Bias arises sometimes because men have been used as the normative standard in medical research. So a complaint by a woman may be unrecognized due to different symptoms, or may be untreated or treated inappropriately. Many ailments, especially attendant on older women, receive if not unequal treatment, unequal attention. There is also a pervading attitude of many physicians about women's complaints that can lead to misdiagnosis where the woman is perceived as suffering from a psychological rather than physical problem. While the medical profession remains male-dominated, a gender slant in inevitable.
Bernadine Healy, a cardiologist and the director of the USA National Institute of Health, called the presumably inadvertent sex bias the "Yentl syndrome" – after the famous I.B. Singer story. Just as the girl, Yentl, had to masquerade as a man to get an education, so a woman has to experience a full-scale heart attack like a man before she can get equal treatment.
Two recent studies showed that doctors treated women with heart disease less aggressively than they treated men – even though in the women the disease tended to be further advanced.
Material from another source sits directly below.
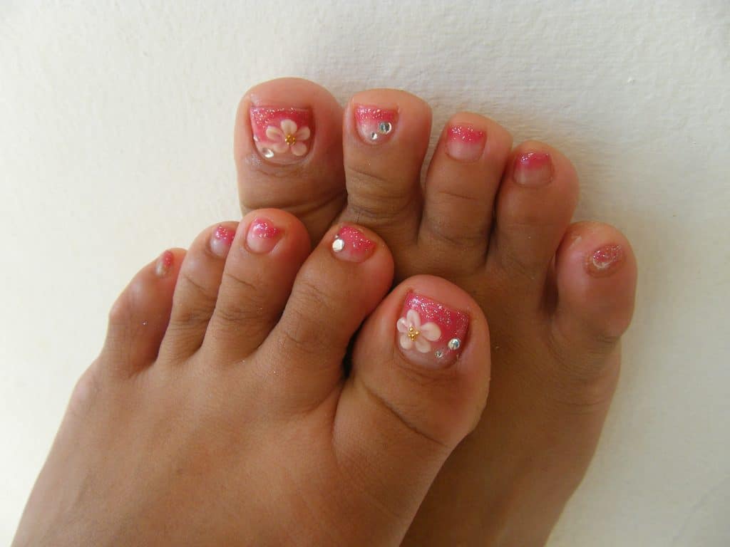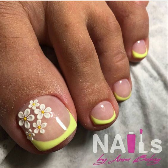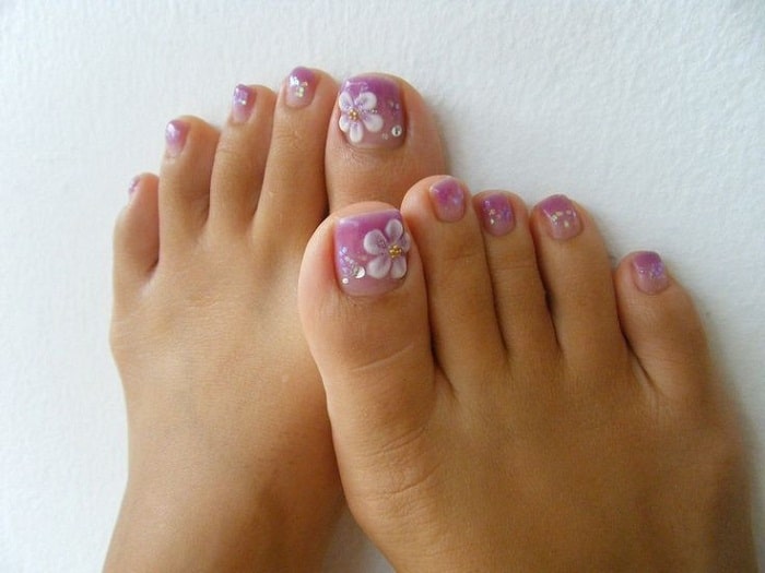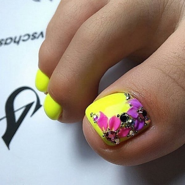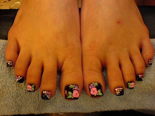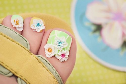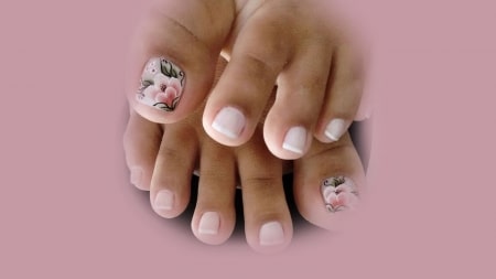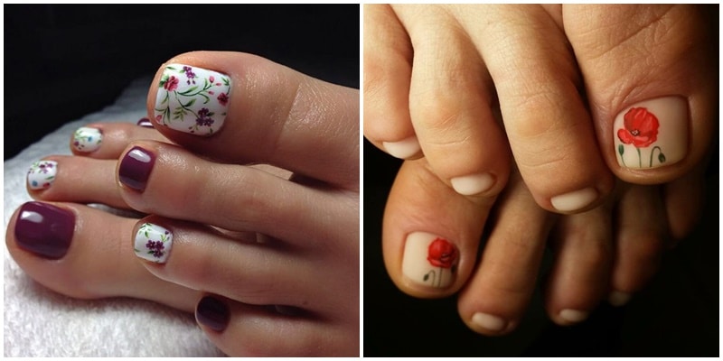 Floral pedicure is the best suited for the spring-summer period. When nature begins to blossom its flowers, one wants to help her and decorate everything with flowers and legs are no exception. For spring, spring flowers are best suited: tulips, snowdrops, geocints, and in summer you can use chrysanthemums, poppies, chamomiles and many other summer flowers. Floral patterns can be done by hand or using stamping, it does not matter, the main thing is that your mood matches the pedicure.

The women were half as likely to undergo cardiac catheterization and much less likely to have bypass surgery or a procedure to unclog blocked arteries. There is also very little good information on treated hypertension in women. A recent review of several major studies found that treatments that work for men may be ineffective or even harmful for white (though not black) women. Women seem to suffer from clinical depression more often than men, but the research on anti-depressants was initially done only with men. Now there is evidence that the effects of some anti-depressants vary during the menstrual cycle, which means that a dosage can be too high at some times and too low at others. Osteoporosis, 90% of whose suffers are women, and general frailty of the elderly are other poorly researched areas.
Medical notes often say more about the medical profession's perception of women than about their actual state of health. Many doctors have inherited a model of mental health that is curiously at odds with their perception of women. Women are socialized to develop certain traits – passivity, self-denial, over-emotionalism – and these are associated with certain psychological conditions, leading to such labels as the "neurotic mother". At the same time, a woman who does not develop these traits will also be seen as odd because her behaviour is inappropriate to her gender, making the assertive woman an "aggressive trouble-maker". Doctors have developed their own euphemisms so that they can talk to each other while the patient is listening: thus for "frequently raised the problem" read "hypochondriac"; "very concerned" equals "obsessive".
I'm not sure that my decision to have a mastectomy rather than a lumpectomy or chemotherapy was either rational or wise. The surgeon tried to flesh out my option. But he was rather formidable and I was terrified. I was embarrassed at being so emotional and about not being able to decide.